━━━ Material provided
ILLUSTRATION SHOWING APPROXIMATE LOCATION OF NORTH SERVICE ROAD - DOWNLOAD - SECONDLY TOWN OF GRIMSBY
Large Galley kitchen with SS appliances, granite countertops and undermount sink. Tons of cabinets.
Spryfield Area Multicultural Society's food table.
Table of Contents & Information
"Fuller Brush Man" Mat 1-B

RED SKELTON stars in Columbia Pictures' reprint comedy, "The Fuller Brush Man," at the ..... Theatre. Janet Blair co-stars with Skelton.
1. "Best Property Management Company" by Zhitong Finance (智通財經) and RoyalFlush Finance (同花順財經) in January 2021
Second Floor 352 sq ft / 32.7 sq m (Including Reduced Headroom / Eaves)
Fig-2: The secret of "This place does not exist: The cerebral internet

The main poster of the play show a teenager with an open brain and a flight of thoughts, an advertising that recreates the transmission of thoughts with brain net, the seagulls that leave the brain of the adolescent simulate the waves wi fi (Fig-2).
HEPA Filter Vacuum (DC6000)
━━━━━━
━━━ Material provided
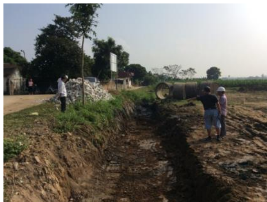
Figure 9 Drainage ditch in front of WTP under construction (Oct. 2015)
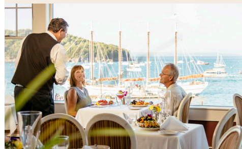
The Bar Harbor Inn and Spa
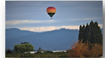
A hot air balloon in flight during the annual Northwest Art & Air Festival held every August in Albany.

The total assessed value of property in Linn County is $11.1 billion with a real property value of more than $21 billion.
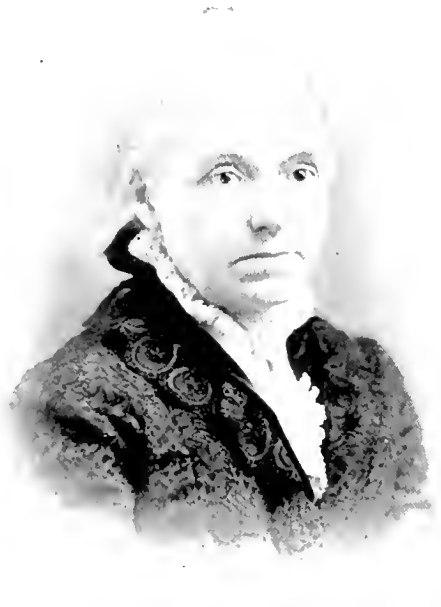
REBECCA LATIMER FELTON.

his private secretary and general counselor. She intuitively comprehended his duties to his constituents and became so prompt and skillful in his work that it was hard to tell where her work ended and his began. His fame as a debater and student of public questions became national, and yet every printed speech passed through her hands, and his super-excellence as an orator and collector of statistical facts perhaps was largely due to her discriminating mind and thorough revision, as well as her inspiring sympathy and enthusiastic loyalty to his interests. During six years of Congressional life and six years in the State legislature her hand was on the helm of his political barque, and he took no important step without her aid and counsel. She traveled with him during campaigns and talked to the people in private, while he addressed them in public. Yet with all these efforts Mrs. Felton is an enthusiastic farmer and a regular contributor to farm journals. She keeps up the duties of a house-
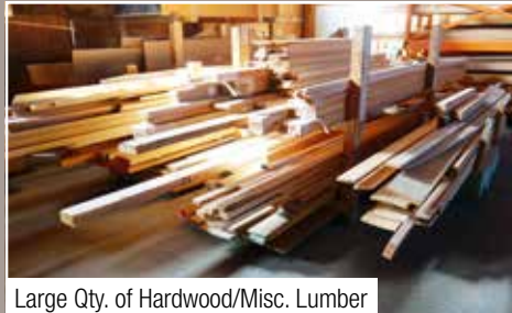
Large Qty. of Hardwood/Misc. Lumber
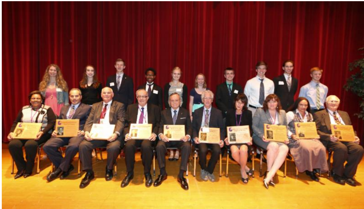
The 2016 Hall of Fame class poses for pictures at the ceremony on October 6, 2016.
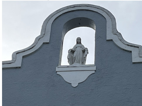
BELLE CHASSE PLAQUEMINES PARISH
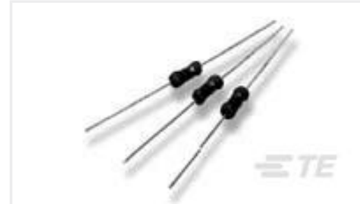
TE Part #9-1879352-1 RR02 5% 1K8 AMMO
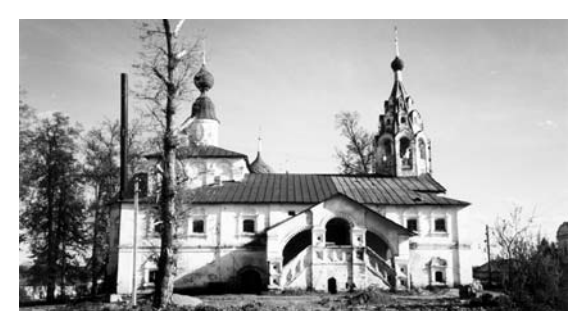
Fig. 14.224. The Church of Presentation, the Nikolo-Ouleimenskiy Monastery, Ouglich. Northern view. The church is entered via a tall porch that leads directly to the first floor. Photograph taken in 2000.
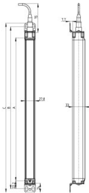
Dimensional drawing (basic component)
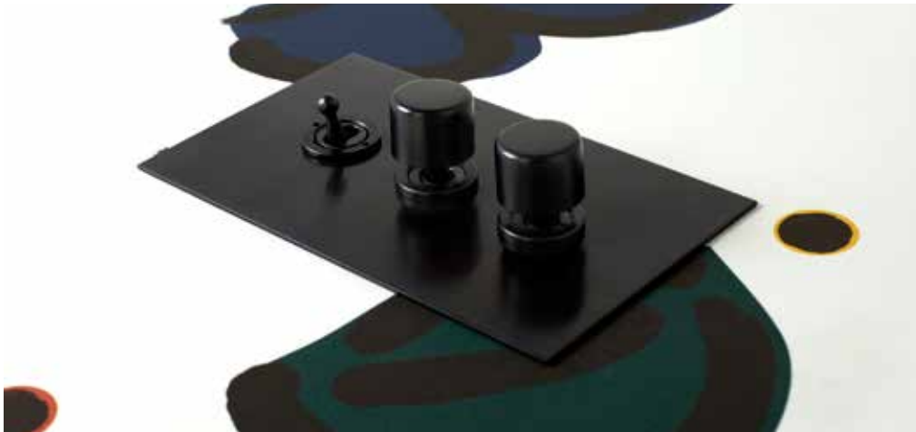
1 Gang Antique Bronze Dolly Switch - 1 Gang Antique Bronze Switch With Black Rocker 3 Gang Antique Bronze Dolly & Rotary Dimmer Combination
━━━━━━
■ Task prompt:
Say, as a bare number, how many lines above contain the word "Fuller".

■ Answer to this exercise:
2